Given two strings S andT, return if they are equal when both are typed into empty text editors.#means a backspace character.
Example 1:
Input: S = "ab#c", T = "ad#c"
Output: true
Explanation: Both S and T become "ac".
Example 2:
Input: S = "ab##", T = "c#d#"
Output: true
Explanation: Both S and T become "".
Example 3:
Input: S = "a##c", T = "#a#c"
Output: true
Explanation: Both S and T become "c".
Example 4:
Input: S = "a#c", T = "b"
Output: false
Explanation: S becomes "c" while T becomes "b".
Note:
1 <= S.length <= 200
1 <= T.length <= 200
S and T only contain lowercase letters and '#' characters.
Follow up:
Can you solve it in O(N) time and O(1) space?
Solution & Analysis
模拟字符串的操作,生成最终字符串并比较
class Solution {
public boolean backspaceCompare(String S, String T) {
return build(S).equals(build(T));
}
public String build(String S) {
Stack<Character> ans = new Stack();
for (char c: S.toCharArray()) {
if (c != '#')
ans.push(c);
else if (!ans.empty())
ans.pop();
}
return String.valueOf(ans);
}
}
但是难度在于用O(1)的空间复杂度。这里就可以想到用Two Pointer。
class Solution {
public boolean backspaceCompare(String S, String T) {
int i = S.length() - 1, j = T.length() - 1;
int skipS = 0, skipT = 0;
while (i >= 0 || j >= 0) { // While there may be chars in build(S) or build (T)

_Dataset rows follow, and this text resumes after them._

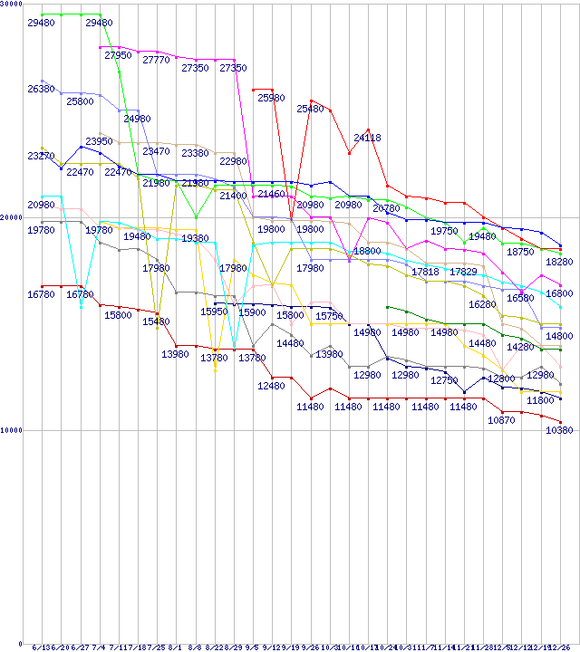 | CPU主要製品(最安値1万円~2万円未満)の最安値推移 | | | (2008年6月13日~2008年12月26日) |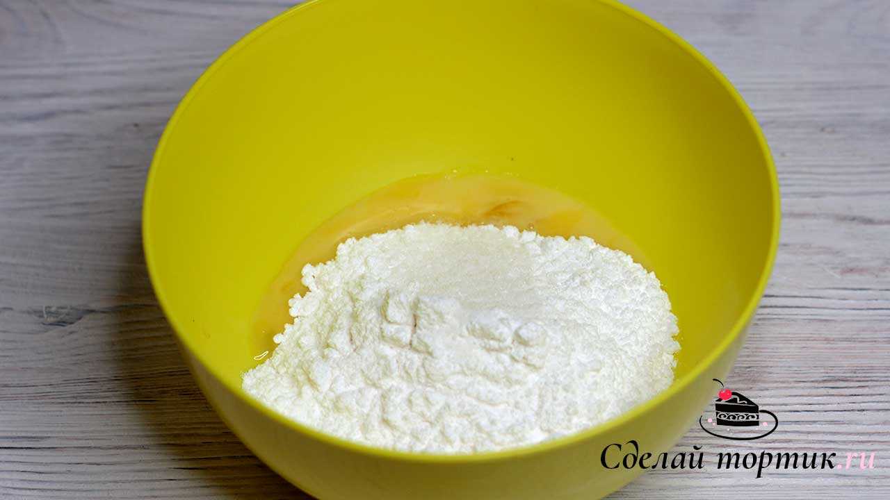 - Муку с разрыхлителем высыпать через сито в емкость с взбитой массой. Нужно быстро замесить тесто с помощью ложки. Долго месить его не надо, потому как оно станет жестким.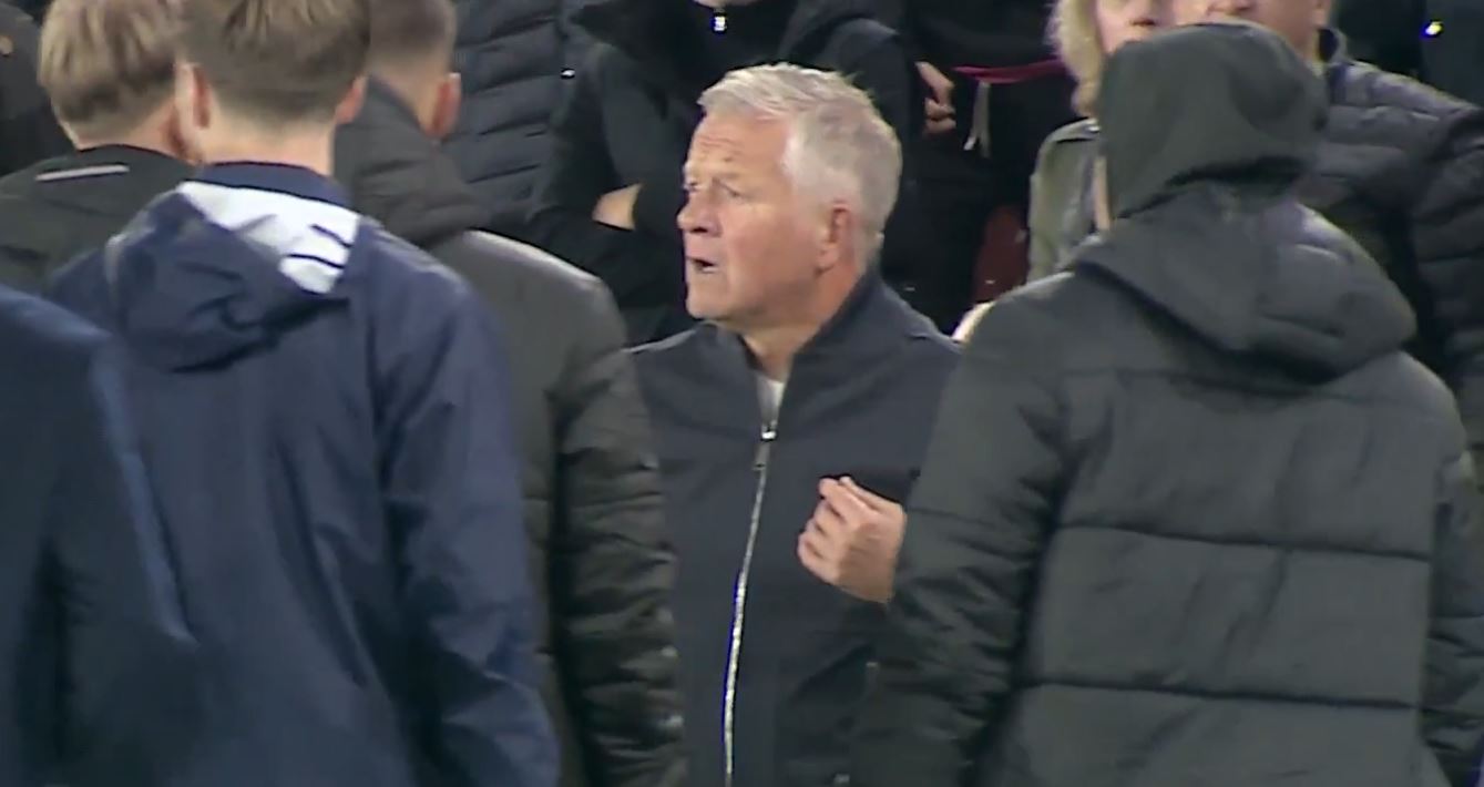 The incident occurred right on half time during the Blades’ 2-1 defeat to Southampton as Wilder was about to head down the tunnel at Bramall Lane.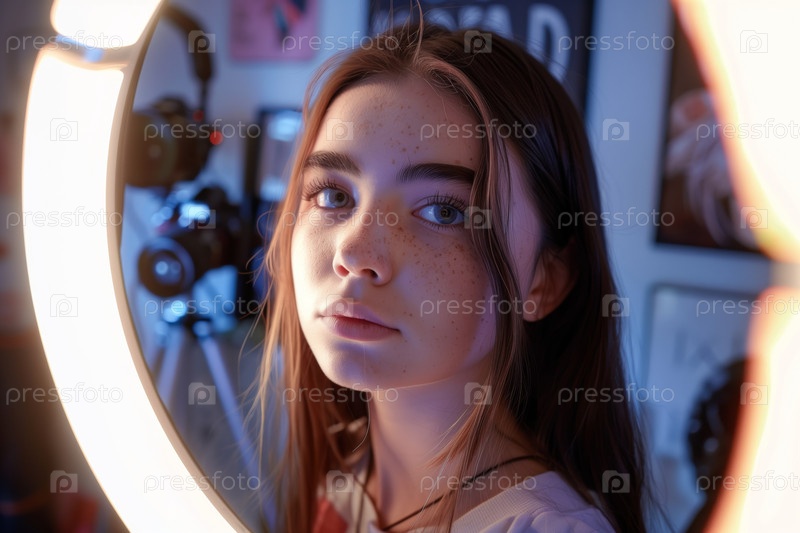 Портрет девочки-подростка, смотрящей на камеру в окружении кольцевого света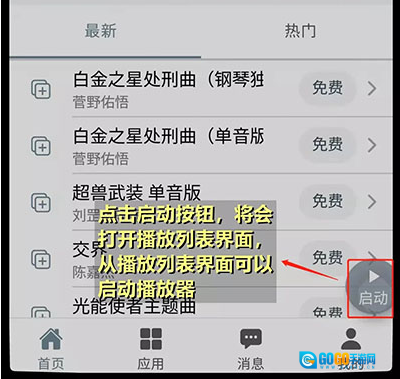 3、添加好歌曲后,点击软件右下角的“启动”按钮,即可进入播放列表界面。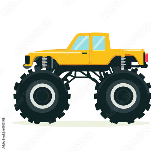© Daniel, Naklejka premium Yellow monster truck kids drawing wall clipart - flat vector art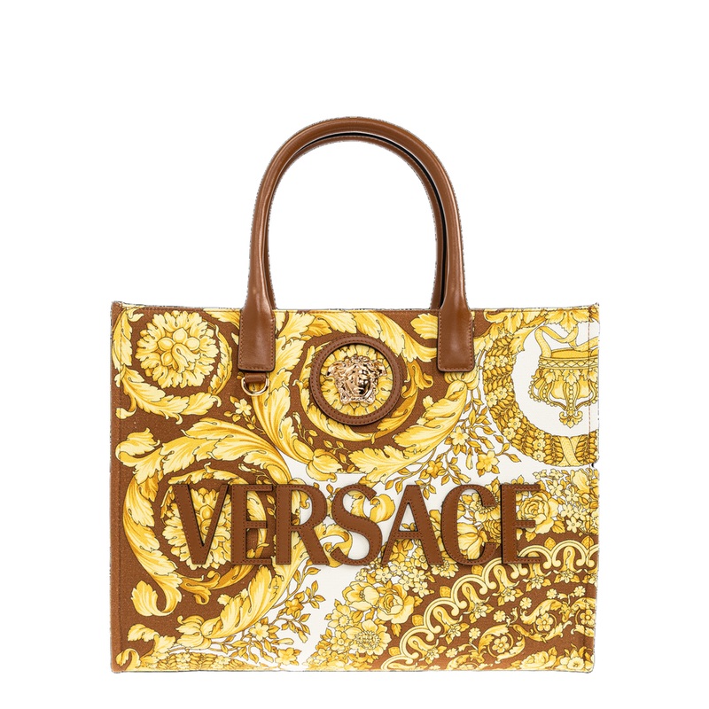 Measuring 42cm in width, 34cm in height, and 13cm in depth, this medium tote bag is spacious enough to accommodate your daily essentials while maintaining a sleek silhouette. The unique print reflects the bold aesthetics of Versace, ensuring you stand out in any crowd. Crafted from post-recycled materials, this tote not only elevates your style but also contributes to a more sustainable future, making it a conscious choice for the environmentally aware fashionista.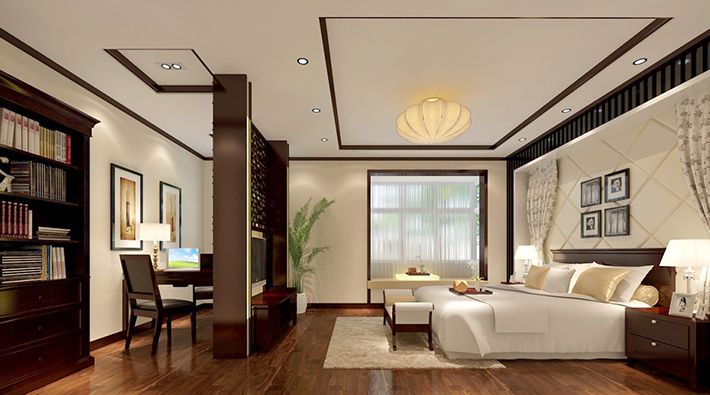 臥室:居室在色彩方面秉承了傳統(tǒng)古典風(fēng)格的典雅和華貴,加入了很多現(xiàn)代元素,呈現(xiàn)著時尚的特征。在配飾的選擇方面更為簡潔,流暢地表達(dá)出傳統(tǒng)文化中的精髓。為了給居室增添幾分暖意,飾以精巧的燈具和雅致的掛畫,使整個居室在濃濃古韻中滲透了幾許現(xiàn)代氣息。

while (i >= 0) { // Find position of next possible char in build(S)
if (S.charAt(i) == '#') {skipS++; i--;}
else if (skipS > 0) {skipS--; i--;}
else break;
}
while (j >= 0) { // Find position of next possible char in build(T)
if (T.charAt(j) == '#') {skipT++; j--;}
else if (skipT > 0) {skipT--; j--;}
else break;
}
// If two actual characters are different
if (i >= 0 && j >= 0 && S.charAt(i) != T.charAt(j))
return false;
// If expecting to compare char vs nothing
if ((i >= 0) != (j >= 0))
return false;
i--; j--;
}
return true;
}
}
Rewrite
class Solution {
public boolean backspaceCompare(String S, String T) {
int i = S.length() - 1;
int j = T.length() - 1;
int skipS = 0;
int skipT = 0;
while (i >= 0 || j >= 0) {
while (i >= 0) {
if (S.charAt(i) == '#') {
skipS++;
i--;
} else if (skipS > 0) {
skipS--;
i--;
} else {
break;
}
}
while (j >= 0) {
if (T.charAt(j) == '#') {
skipT++;
j--;
} else if (skipT > 0) {
skipT--;
j--;
} else {
break;
}
}
if (i >= 0 && j >= 0 && S.charAt(i) != T.charAt(j)) {
return false;
}
if (i >= 0 && j < 0 || i < 0 && j >= 0) {
return false;
}
i--;
j--;
}
return true;
}
}